(HealthDay News) — Clinical interventions should be implemented to help cancer survivors make lifestyle behavior changes, according to research published online Feb. 13 in CA: A Cancer Journal for Clinicians.
Wendy Demark-Wahnefried, Ph.D., R.D., from the University of Alabama at Birmingham, and colleagues reviewed current diet and physical activity guidelines for cancer survivors and the evidence supporting these recommendations.
The authors note that the Institute of Medicine endorses the importance of weight management, physical activity, and a healthful diet as components of cancer care and survivorship care. As part of survivorship care, oncologists and oncology care teams should provide advice on lifestyle change.
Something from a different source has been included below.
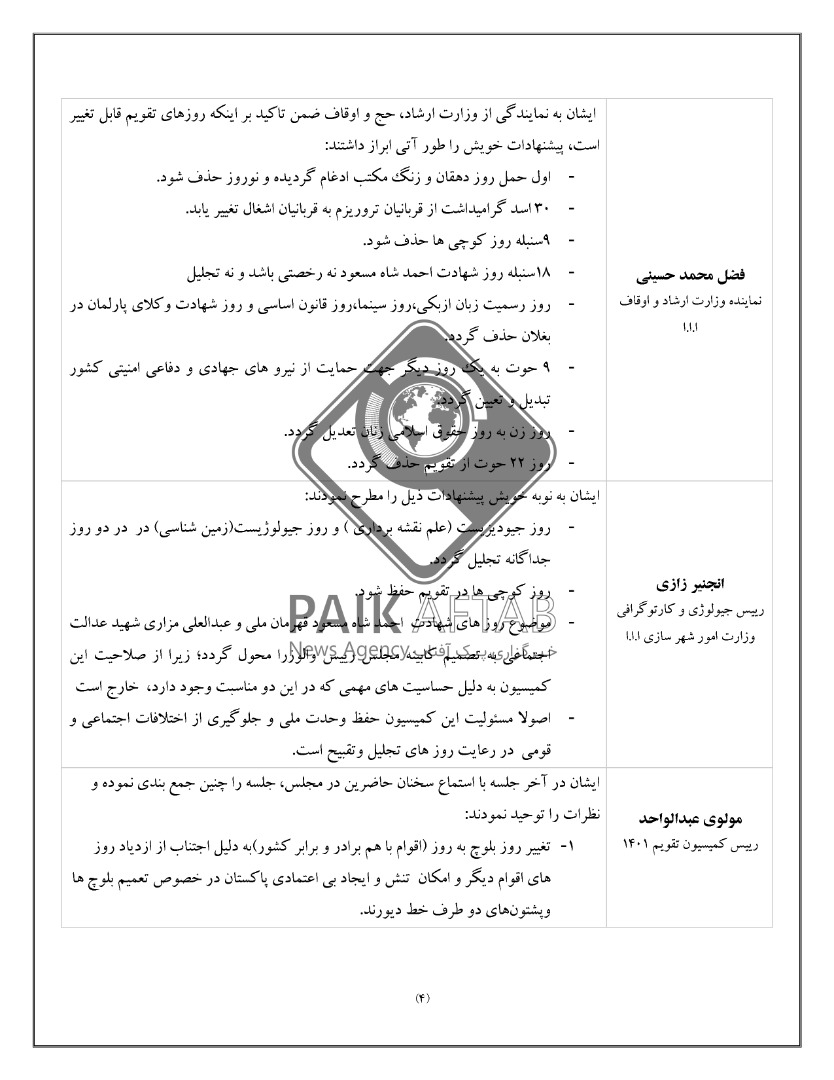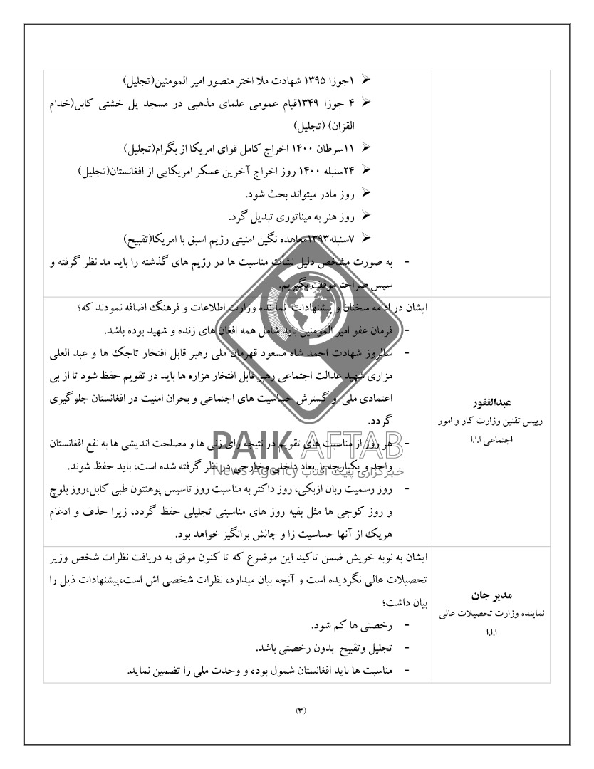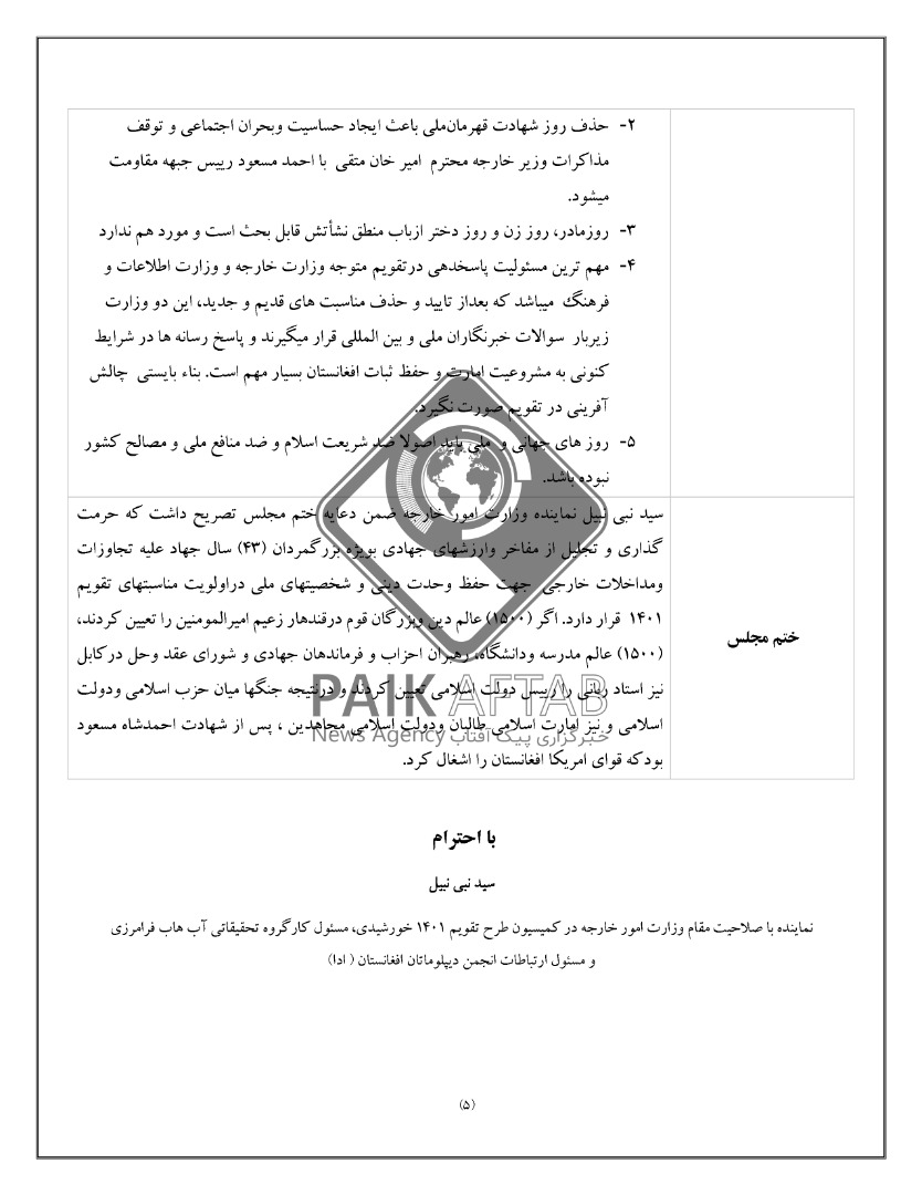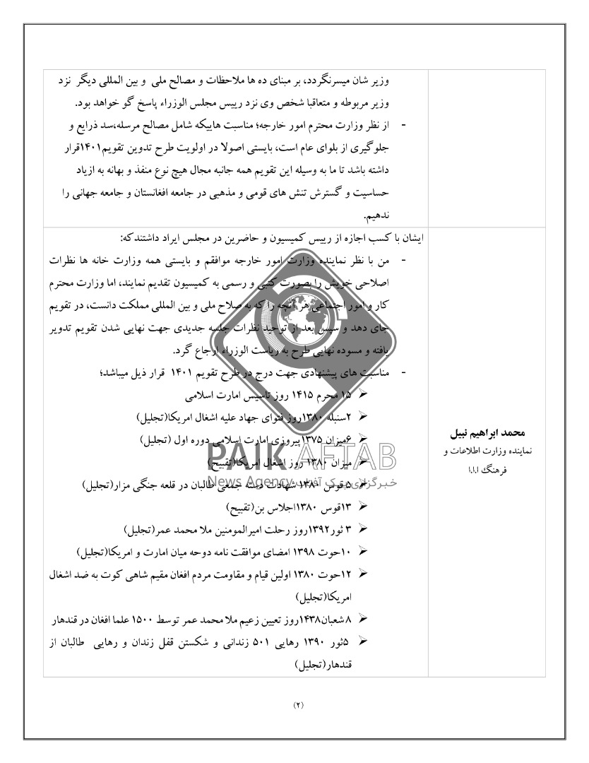 به اساس متن این سند، تدوین کنندگان خواهان حذف مناسبتهایی شده که به باور آنان ضد دین هستند. از جمله مناسبتهای پیشنهادی، حذف «نوروز» از طرح تقویم تدوین شده از سوی طالبان میباشد. حذف 22 حوت سالروز کشته شدن عبدالعلی مزاری که برخی از تدوین کنندگان طرح به آن تصریح کرده و برخی نیز آنرا مسکوت گذاشتهاند. البته برخی از تدوین کنندگان این کمیسیون گفتهاند که سالگرد احمدشاه مسعود و عبدالعلی مزاری، تنها به این دلیل که به حساسیتهای قومی دامن زده نشود، در تقویم حفظ گردند. آنان در عین حال، تاکید کردهاند که در این روزها اجازه برپایی هیچ مراسم و تجلیلی نباید داده شود.

Healthful lifestyle changes include integration of weight management between oncology and primary care providers, receipt of specialized care to improve lifestyle behaviors, nutrition counseling, exercise training, and provision of other resources for the oncology care community and cancer survivors. Future research should further define the benefits of lifestyle changes in cancer survivors, and determine the most efficacious interventions and the populations that are most likely to benefit.
“As evidence supporting the role of lifestyle change in cancer populations continues to grow, infrastructure to support these programs and coverage for these services is needed to ensure that cancer patients are able to optimize cancer-specific and overall outcomes in the years after cancer diagnosis,” the authors write.